[[ DATA, beginning ]]

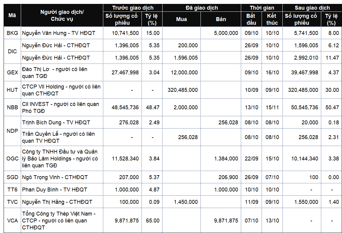 The transaction took place from September 22 to October 15. Following this sale, Bảo Lâm Holdings’ ownership in OGC decreased from 3.84% to 3.38%, equivalent to over 10.1 million shares. The estimated transaction value, based on an average price of 4,186 VND/share during the period, is approximately 5.8 billion VND.
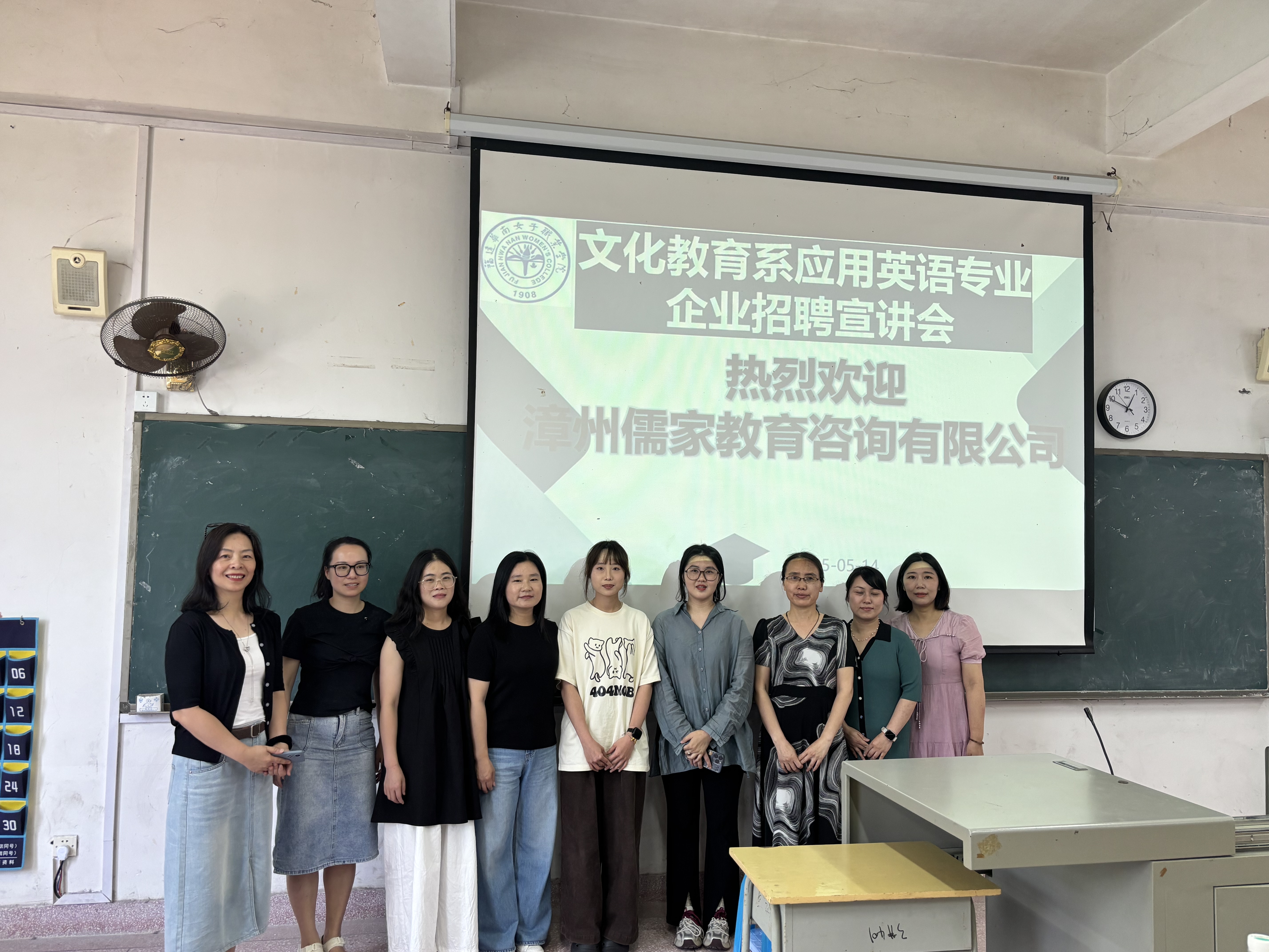 为深化校企合作,推进2025届毕业生就业工作,同时提升2023级学生就业意识,文化教育系应用英语专业于2025年5月14日下午12:30在3-202教室线上线下同步开展漳州儒家教育咨询有限公司(以下简称儒家教育)专场招聘宣讲会。应用英语专业主任林小敏出席并主持活动,专业教师董秀萍、严涵、张文君共同出席,出席的企业代表有儒家教育总经理何智慧、教务主任戴幼芬和许雯惠、校长助理柯鸿洁以及教务主任,何智慧总经理做宣讲嘉宾。
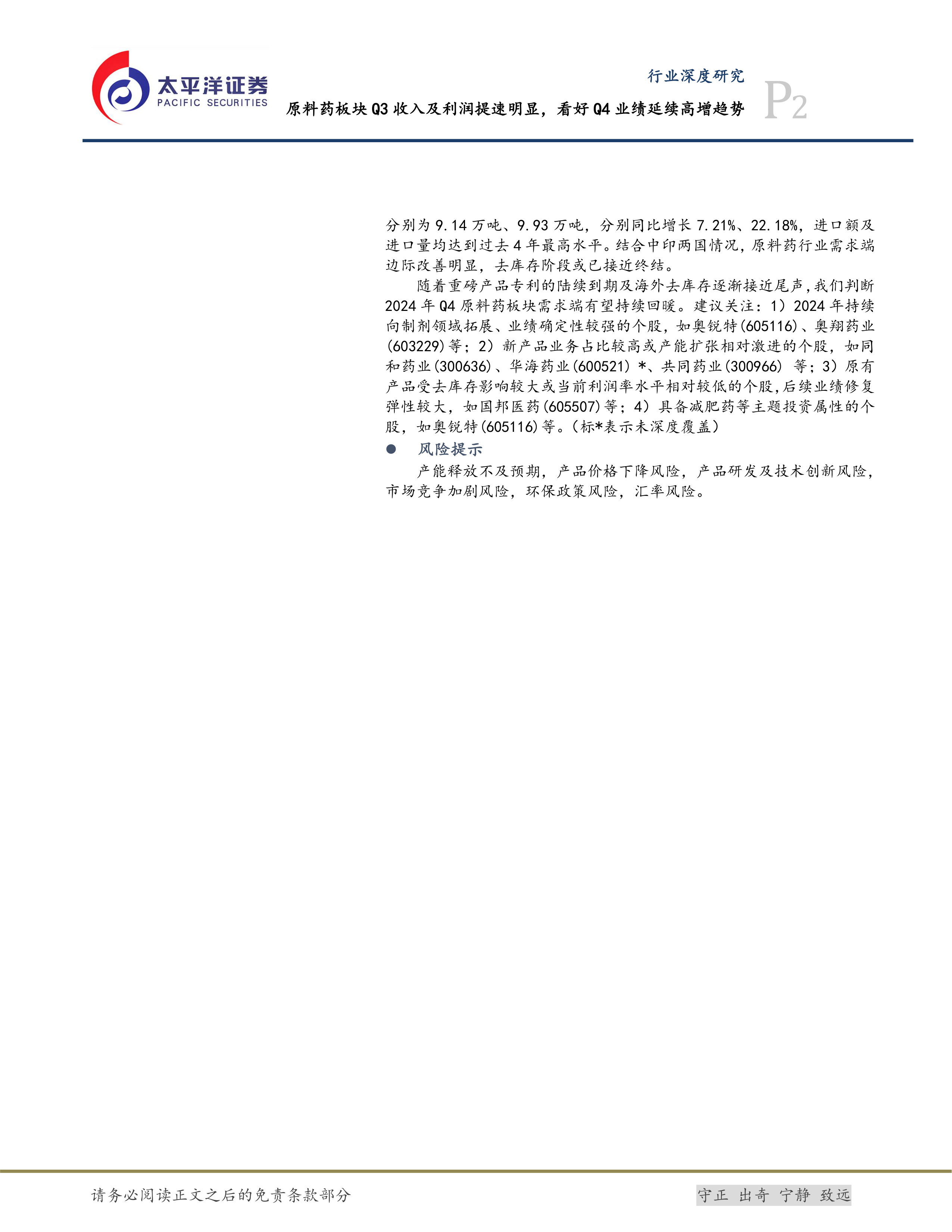 尽管Q3原料药板块估值有所上修,但仍处于历史低位,这与2023年以来行业竞争加剧和产品价格下降的压力有关。报告对板块TOP10企业进行了分析,发现少数公司贡献了大部分营收和利润,其中大宗原料药生产商占据主导地位。此外,报告还对奥锐特、奥翔药业、同和药业、共同药业和国邦医药等重点公司进行了深入分析,评估了其各自的业务模式、发展战略、业绩表现以及未来增长潜力,并给出了相应的投资建议。
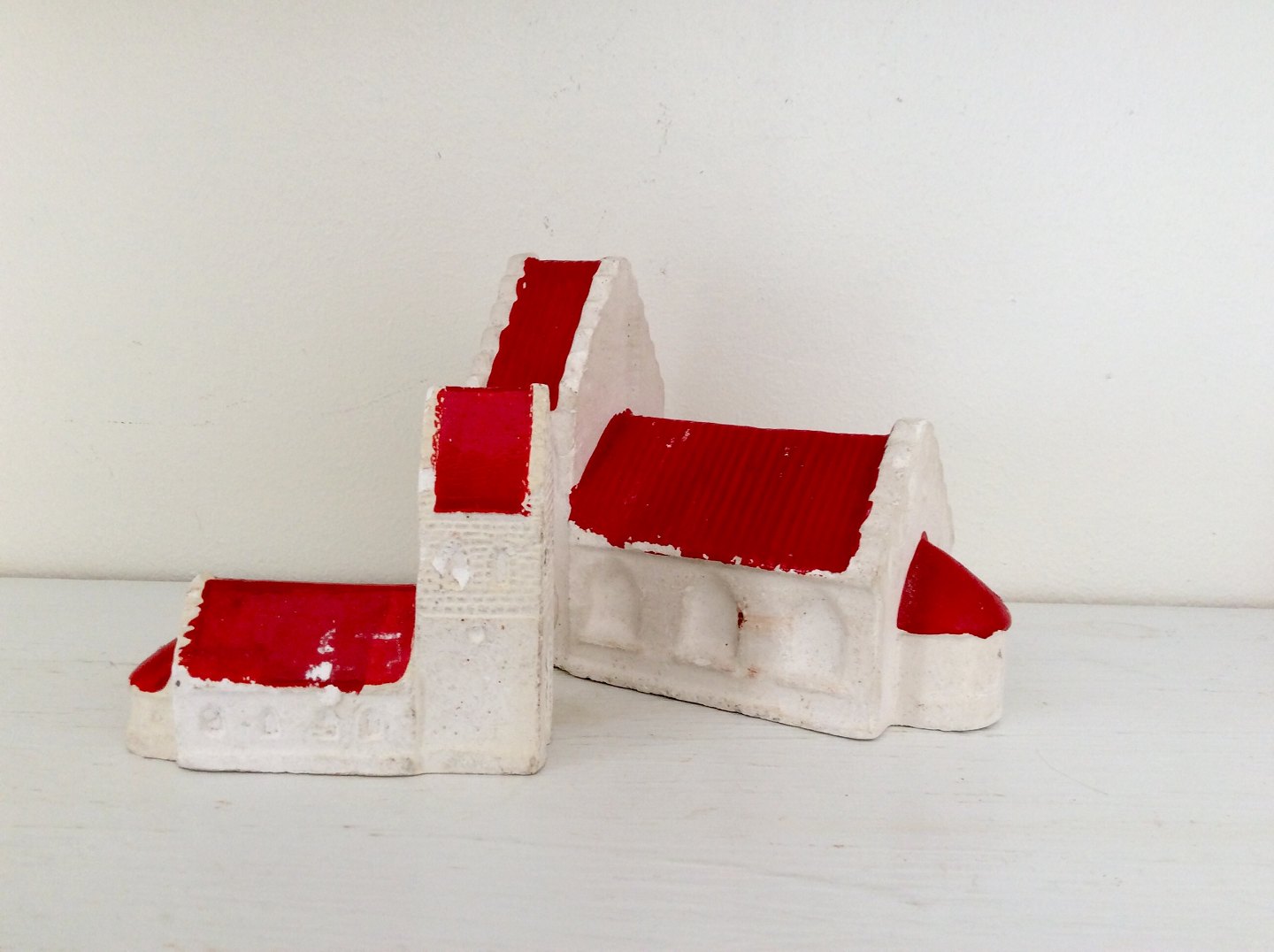 Charming plaster churches for Christmas decoration, from the middle of the 20th century *Has traces of use*
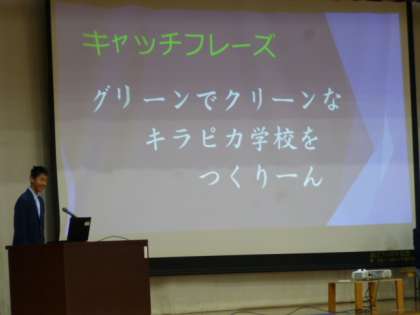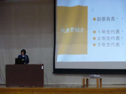 環境美化委員会、保健体育委員会、図書文化委員会へと説明が続きます。不慣れなところもありますが、それぞれの委員長が一生懸命に話していた姿に感動です。これからが楽しみです!
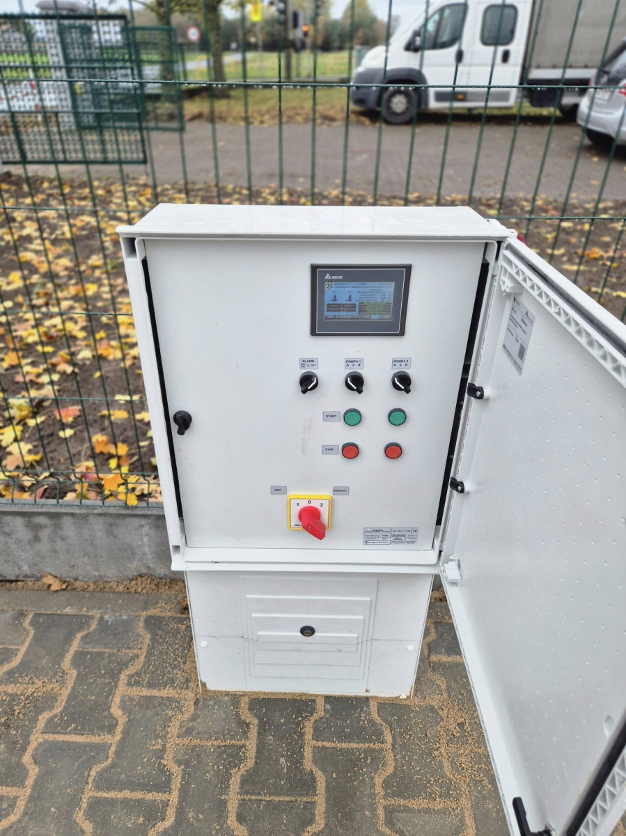 Inwestycja polegała na wymianie zbiornika i szafy sterującej, montażu instalacji, pomp, szafy, a także utwardzenie i ogrodzenie terenu.
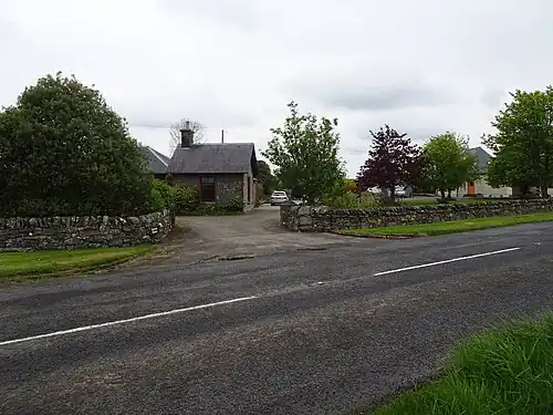 The nearby road was diverted via an overbridge and the single platformed station with signalbox, ticket office, etc. built on its old course. The single track line had a passing loop and a single siding beside a loading dock with a weighing machine present in 1895[2] and 1906.[3] The original station was rebuilt after a fire in 1880 by the Wigtownshire Railway.[4] The stationmaster's house and station building still survive as private dwellings (datum 2013).
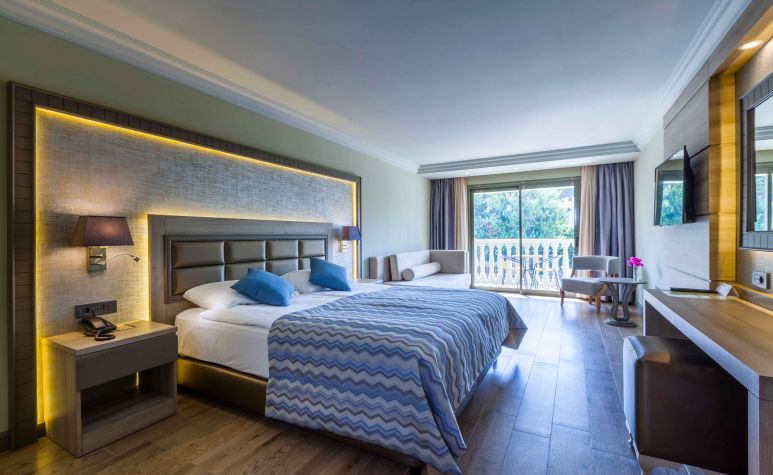 Хотелът се състои от 339 стаи от които: Standard Room Land View (35 m²), Standard Room Sea View (32 m²), Standard Sea View Corner room (35 m²), Deluxe Garden Room (30 m²), Superior Garden Room (35 m²), Junior Suite (45 m²), Senior Suite (55 m²) и стаи за инвалиди. Всички стаи са оборудвани с централен климатик, телевизор, телефон, баня с душ/вана, сешоар, мини бар, сейф, балкон или тераса, Wi-Fi. Почистване на стаите - всеки ден, смяна на спалното бельо - 3 пъти в седмицата.
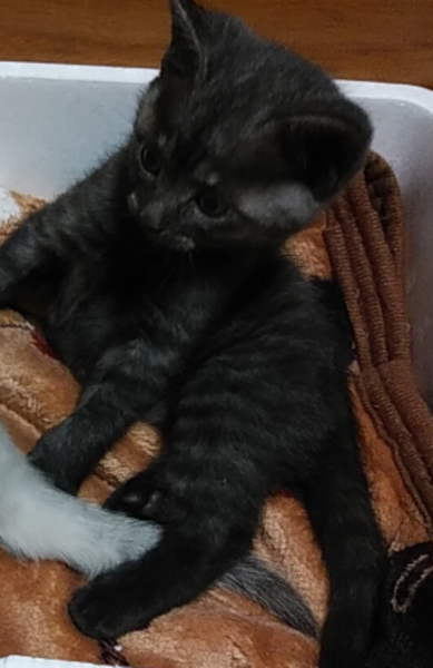 | 特徴(性格など) | 黒っぽいですが ダークグレーと混じったような色です 最初は警戒してましたが、 すぐにじゃれるようになり、元気いっぱいに 遊んでます トイレの場所も覚えて、ミルクもキャットフードも食べてます。 すごくお利口な子猫ちゃんだと思います。 |
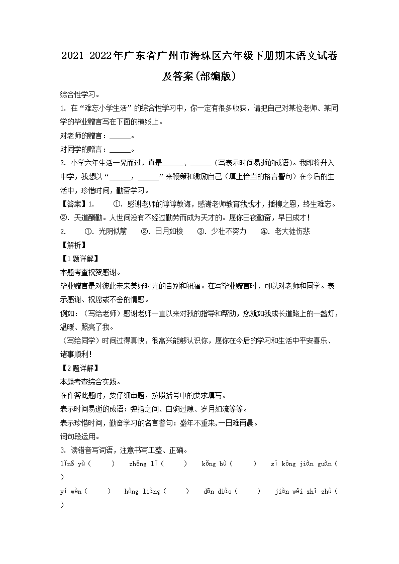 2021-2022年廣東省廣州市海珠區(qū)六年級(jí)下冊(cè)期末語(yǔ)文試卷及答案(部編版)(Word版)

[[ DATA, end ]]

WORK TO BE COMPLETED
The preceding listing must be repeated exactly, with all images dropped.

ANSWER TO THE PROBLEM
 The transaction took place from September 22 to October 15. Following this sale, Bảo Lâm Holdings’ ownership in OGC decreased from 3.84% to 3.38%, equivalent to over 10.1 million shares. The estimated transaction value, based on an average price of 4,186 VND/share during the period, is approximately 5.8 billion VND.
 为深化校企合作,推进2025届毕业生就业工作,同时提升2023级学生就业意识,文化教育系应用英语专业于2025年5月14日下午12:30在3-202教室线上线下同步开展漳州儒家教育咨询有限公司(以下简称儒家教育)专场招聘宣讲会。应用英语专业主任林小敏出席并主持活动,专业教师董秀萍、严涵、张文君共同出席,出席的企业代表有儒家教育总经理何智慧、教务主任戴幼芬和许雯惠、校长助理柯鸿洁以及教务主任,何智慧总经理做宣讲嘉宾。
 尽管Q3原料药板块估值有所上修,但仍处于历史低位,这与2023年以来行业竞争加剧和产品价格下降的压力有关。报告对板块TOP10企业进行了分析,发现少数公司贡献了大部分营收和利润,其中大宗原料药生产商占据主导地位。此外,报告还对奥锐特、奥翔药业、同和药业、共同药业和国邦医药等重点公司进行了深入分析,评估了其各自的业务模式、发展战略、业绩表现以及未来增长潜力,并给出了相应的投资建议。
 Charming plaster churches for Christmas decoration, from the middle of the 20th century *Has traces of use*
 環境美化委員会、保健体育委員会、図書文化委員会へと説明が続きます。不慣れなところもありますが、それぞれの委員長が一生懸命に話していた姿に感動です。これからが楽しみです!
 Inwestycja polegała na wymianie zbiornika i szafy sterującej, montażu instalacji, pomp, szafy, a także utwardzenie i ogrodzenie terenu.
 The nearby road was diverted via an overbridge and the single platformed station with signalbox, ticket office, etc. built on its old course. The single track line had a passing loop and a single siding beside a loading dock with a weighing machine present in 1895[2] and 1906.[3] The original station was rebuilt after a fire in 1880 by the Wigtownshire Railway.[4] The stationmaster's house and station building still survive as private dwellings (datum 2013).
 Хотелът се състои от 339 стаи от които: Standard Room Land View (35 m²), Standard Room Sea View (32 m²), Standard Sea View Corner room (35 m²), Deluxe Garden Room (30 m²), Superior Garden Room (35 m²), Junior Suite (45 m²), Senior Suite (55 m²) и стаи за инвалиди. Всички стаи са оборудвани с централен климатик, телевизор, телефон, баня с душ/вана, сешоар, мини бар, сейф, балкон или тераса, Wi-Fi. Почистване на стаите - всеки ден, смяна на спалното бельо - 3 пъти в седмицата.
 | 特徴(性格など) | 黒っぽいですが ダークグレーと混じったような色です 最初は警戒してましたが、 すぐにじゃれるようになり、元気いっぱいに 遊んでます トイレの場所も覚えて、ミルクもキャットフードも食べてます。 すごくお利口な子猫ちゃんだと思います。 |
 2021-2022年廣東省廣州市海珠區(qū)六年級(jí)下冊(cè)期末語(yǔ)文試卷及答案(部編版)(Word版)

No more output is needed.